In a significant development for cryptocurrency traders in Russia, the government is advancing a draft bill that will enable non-qualified investors to trade in digital assets starting in 2026. According to Anatoly Aksakov, head of the State Duma’s Financial Markets Committee, this legislation is set to reshape the landscape of crypto trading, making it more accessible to everyday citizens.
Under the new proposal, non-qualified traders will be permitted to invest up to 300,000 rubles, approximately $3,800, in cryptocurrencies. This limitation is designed to mitigate the risks associated with retail crypto trading while expanding access to digital currencies. Aksakov emphasized that the bill removes cryptocurrencies from the category of special financial regulation, paving the way for their broader acceptance in daily financial transactions.
The draft bill also aims to support international transactions involving digital assets, allowing for the use of Russian-issued tokens in foreign markets. Aksakov highlighted that this regulatory framework not only opens the door to domestic crypto markets but also encourages participation in cross-border settlements, signaling a progressive alignment with the global digital asset ecosystem.

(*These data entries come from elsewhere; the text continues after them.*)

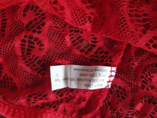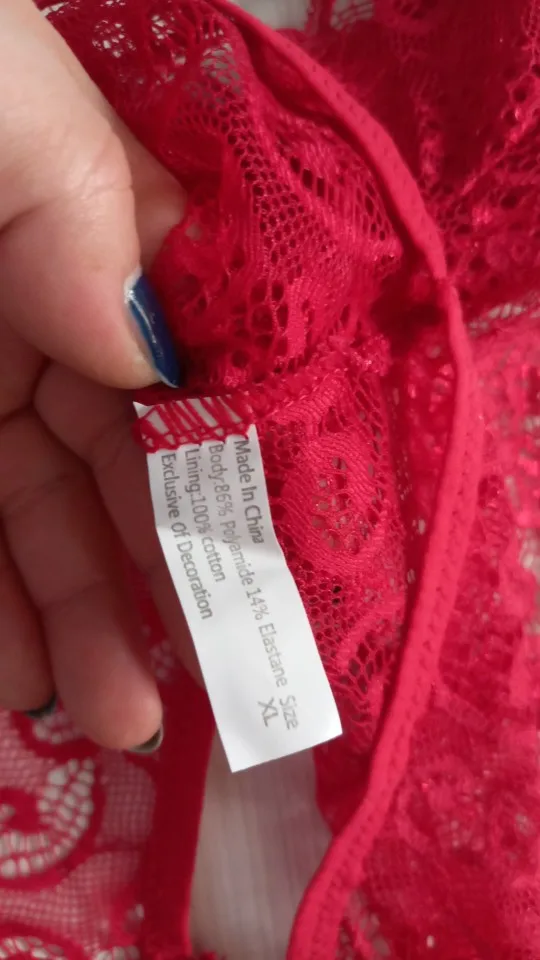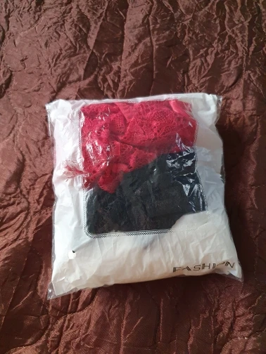 Пошив хороший. Кружево тонкое. Запах сильный, неприятный, надеюсь, после стирки уйдёт. Размеры странные. Черные значительно больше красных и белых, хотя на всех указано M. В целом, цена=качество. Претензий к продавцу нет.
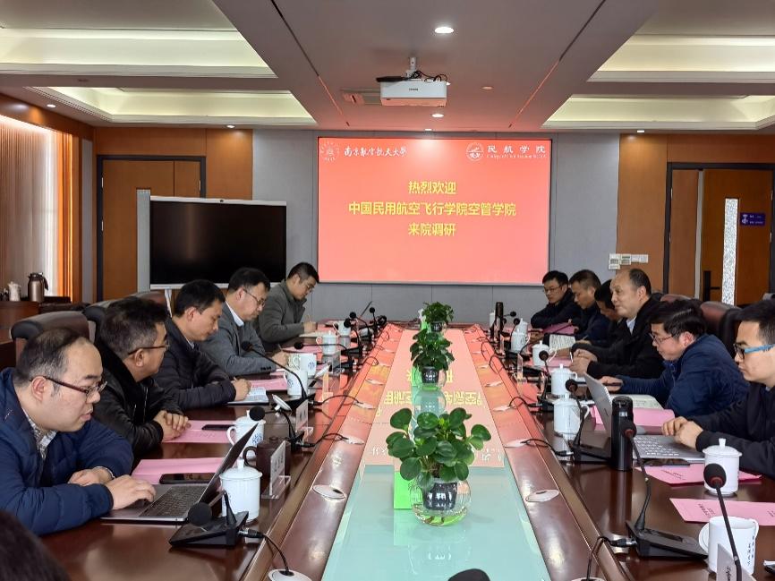 2月24日下午,中国民用航空飞行学院空管学院院长潘卫军一行来访我校成人动漫 ,院长孙建红、副院长田勇、副院长邵荃、空中交通系相关人员参加座谈会,会议由田勇主持。
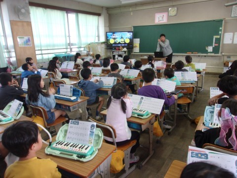 2組は音楽で、『つき』の演奏をしていました。伴奏に合わせて月の感じを思い浮かべながら、まーるい漢字になるように弾いていました。
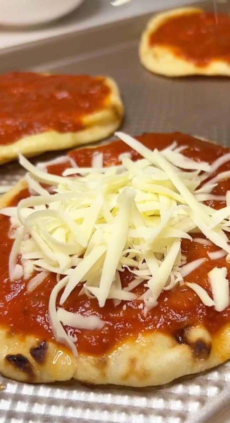 • Spoon marinara sauce onto each naan, spreading it evenly to cover the surface.
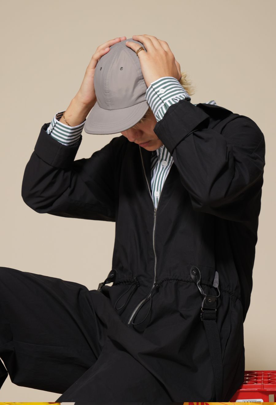 フロントはジップ開きで着脱がスムーズ。袖丈は長袖仕様で、ロールアップしてアレンジも可能です。

As part of ongoing initiatives to foster regulated digital asset infrastructure, the Russian government is keen to balance market expansion with investor protection. Earlier reports indicated that the Bank of Russia is developing a risk-based model to regulate retail access to cryptocurrencies. This would necessitate that potential investors undergo a risk awareness test prior to engaging with digital assets.
Importantly, the Finance Ministry has stated that the strategy to limit retail participation aligns with a broader initiative to manage systemic financial risks. Minister Anton Siluanov reaffirmed that the government and the central bank are collaborating to create a framework that safeguards investors while facilitating market growth. Notably, the Bank of Russia maintains a strict prohibition on anonymous digital assets, including privacy coins, to ensure transparency and regulatory oversight.
Adding to the dialogue around digital assets, the Social Fund of Russia has reported an increasing number of inquiries from citizens about the potential for pensions to be distributed in cryptocurrencies. However, officials have clarified that, for the time being, all pensions will continue to be paid in rubles.
Meanwhile, Russia is actively progressing with its own national digital currency project, the digital ruble, which is set to be integrated into state financial systems with an expected full rollout by September 2026. This initiative aligns with the country’s broader ambition to enhance digital financial services and regulatory frameworks.
As lawmakers prepare for the spring parliamentary session, attention will turn to further regulations surrounding digital assets and cryptocurrencies. Aksakov and other financial authorities seek to clarify that cryptocurrencies will no longer be regarded as niche financial products. Instead, the new law aims to integrate digital assets into the overarching financial system, signaling a pivotal shift in their regulation and use within Russia.
With these developments, Russia is stepping into a new era of cryptocurrency trading, potentially transforming the engagement of retail investors with digital assets.